> TO DO: Take the lines below between the one holding "Composé de douilles, cliquet, clés" and the one holding "就可以生成一段商品介绍文案,还能选择文案", inclusive, and copy them exactly. Add nothing.

> SOURCE MATERIAL:
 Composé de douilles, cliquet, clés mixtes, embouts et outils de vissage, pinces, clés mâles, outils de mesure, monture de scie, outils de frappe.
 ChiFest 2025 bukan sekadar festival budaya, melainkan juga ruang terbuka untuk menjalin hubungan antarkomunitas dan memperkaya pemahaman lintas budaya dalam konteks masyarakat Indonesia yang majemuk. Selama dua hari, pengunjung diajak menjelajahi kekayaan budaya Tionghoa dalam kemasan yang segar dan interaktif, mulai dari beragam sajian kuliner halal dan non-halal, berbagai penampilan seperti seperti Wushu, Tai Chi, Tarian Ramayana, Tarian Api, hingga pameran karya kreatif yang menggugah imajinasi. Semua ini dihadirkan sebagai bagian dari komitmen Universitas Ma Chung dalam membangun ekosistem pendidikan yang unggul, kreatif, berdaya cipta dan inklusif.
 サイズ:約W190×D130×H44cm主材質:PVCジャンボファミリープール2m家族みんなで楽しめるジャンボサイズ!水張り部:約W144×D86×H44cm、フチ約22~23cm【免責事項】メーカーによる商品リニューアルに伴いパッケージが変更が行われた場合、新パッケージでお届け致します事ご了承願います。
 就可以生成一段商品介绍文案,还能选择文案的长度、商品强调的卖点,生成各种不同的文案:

--

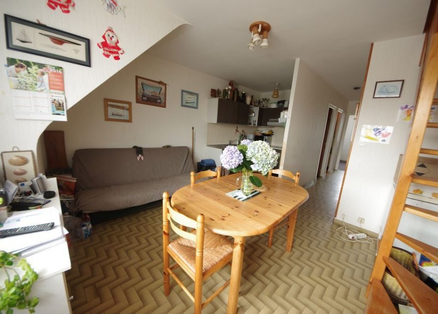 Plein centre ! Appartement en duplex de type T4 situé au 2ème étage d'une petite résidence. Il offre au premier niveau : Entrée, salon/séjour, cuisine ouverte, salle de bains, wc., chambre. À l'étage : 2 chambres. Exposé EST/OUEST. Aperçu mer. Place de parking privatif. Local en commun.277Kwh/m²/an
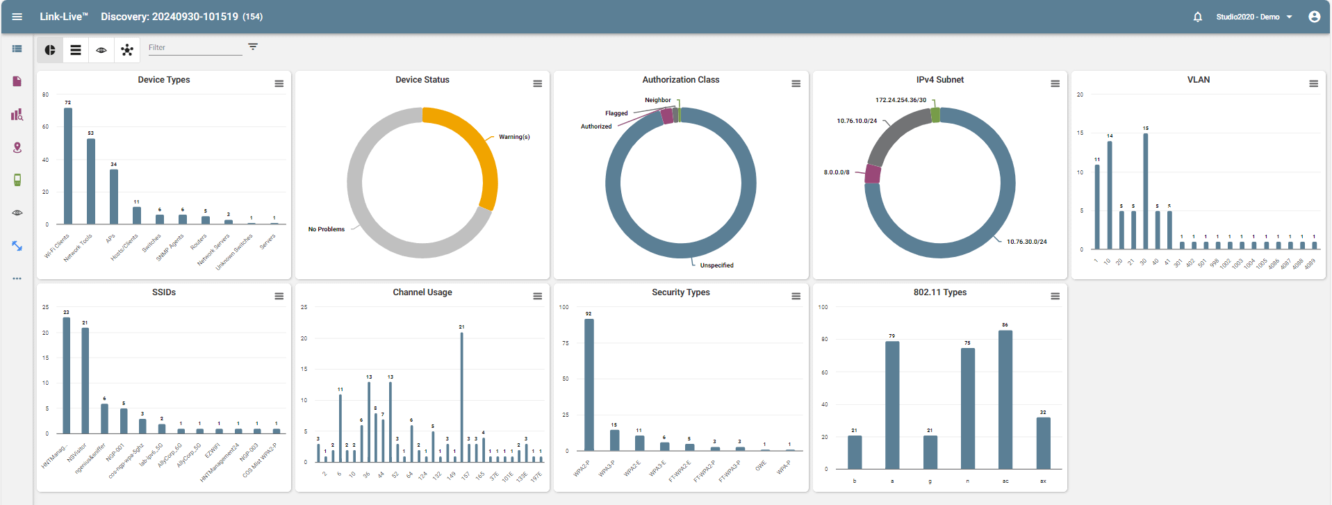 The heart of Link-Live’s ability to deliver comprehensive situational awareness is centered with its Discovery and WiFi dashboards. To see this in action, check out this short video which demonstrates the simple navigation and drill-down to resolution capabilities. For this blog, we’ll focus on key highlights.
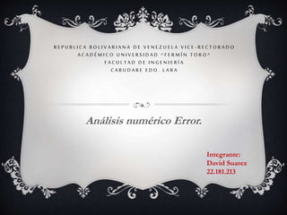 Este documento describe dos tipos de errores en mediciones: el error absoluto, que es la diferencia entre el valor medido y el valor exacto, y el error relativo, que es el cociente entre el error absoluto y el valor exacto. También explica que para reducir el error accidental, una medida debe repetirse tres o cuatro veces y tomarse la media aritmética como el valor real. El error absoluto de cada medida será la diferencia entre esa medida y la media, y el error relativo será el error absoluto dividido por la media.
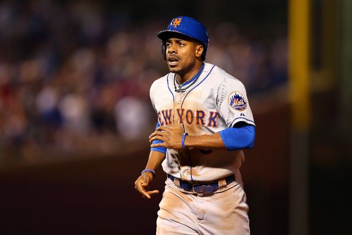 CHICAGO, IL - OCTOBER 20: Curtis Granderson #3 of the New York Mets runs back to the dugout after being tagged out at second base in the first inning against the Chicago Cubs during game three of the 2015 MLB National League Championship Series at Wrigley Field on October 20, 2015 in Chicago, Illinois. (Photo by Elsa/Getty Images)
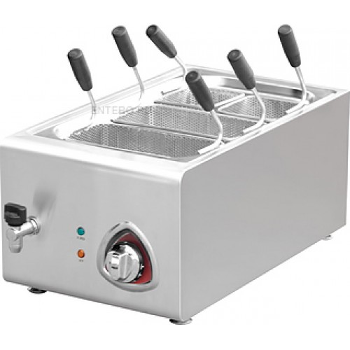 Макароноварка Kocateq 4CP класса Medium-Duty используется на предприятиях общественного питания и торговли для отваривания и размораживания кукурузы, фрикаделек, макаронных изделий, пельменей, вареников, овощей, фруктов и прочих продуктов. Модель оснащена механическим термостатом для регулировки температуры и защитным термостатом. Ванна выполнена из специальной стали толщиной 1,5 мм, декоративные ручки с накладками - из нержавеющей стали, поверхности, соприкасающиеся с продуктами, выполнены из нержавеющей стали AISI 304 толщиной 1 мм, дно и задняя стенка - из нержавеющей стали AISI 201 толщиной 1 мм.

> ANSWER TO THIS TASK:
 Composé de douilles, cliquet, clés mixtes, embouts et outils de vissage, pinces, clés mâles, outils de mesure, monture de scie, outils de frappe.
 ChiFest 2025 bukan sekadar festival budaya, melainkan juga ruang terbuka untuk menjalin hubungan antarkomunitas dan memperkaya pemahaman lintas budaya dalam konteks masyarakat Indonesia yang majemuk. Selama dua hari, pengunjung diajak menjelajahi kekayaan budaya Tionghoa dalam kemasan yang segar dan interaktif, mulai dari beragam sajian kuliner halal dan non-halal, berbagai penampilan seperti seperti Wushu, Tai Chi, Tarian Ramayana, Tarian Api, hingga pameran karya kreatif yang menggugah imajinasi. Semua ini dihadirkan sebagai bagian dari komitmen Universitas Ma Chung dalam membangun ekosistem pendidikan yang unggul, kreatif, berdaya cipta dan inklusif.
 サイズ:約W190×D130×H44cm主材質:PVCジャンボファミリープール2m家族みんなで楽しめるジャンボサイズ!水張り部:約W144×D86×H44cm、フチ約22~23cm【免責事項】メーカーによる商品リニューアルに伴いパッケージが変更が行われた場合、新パッケージでお届け致します事ご了承願います。
 就可以生成一段商品介绍文案,还能选择文案的长度、商品强调的卖点,生成各种不同的文案:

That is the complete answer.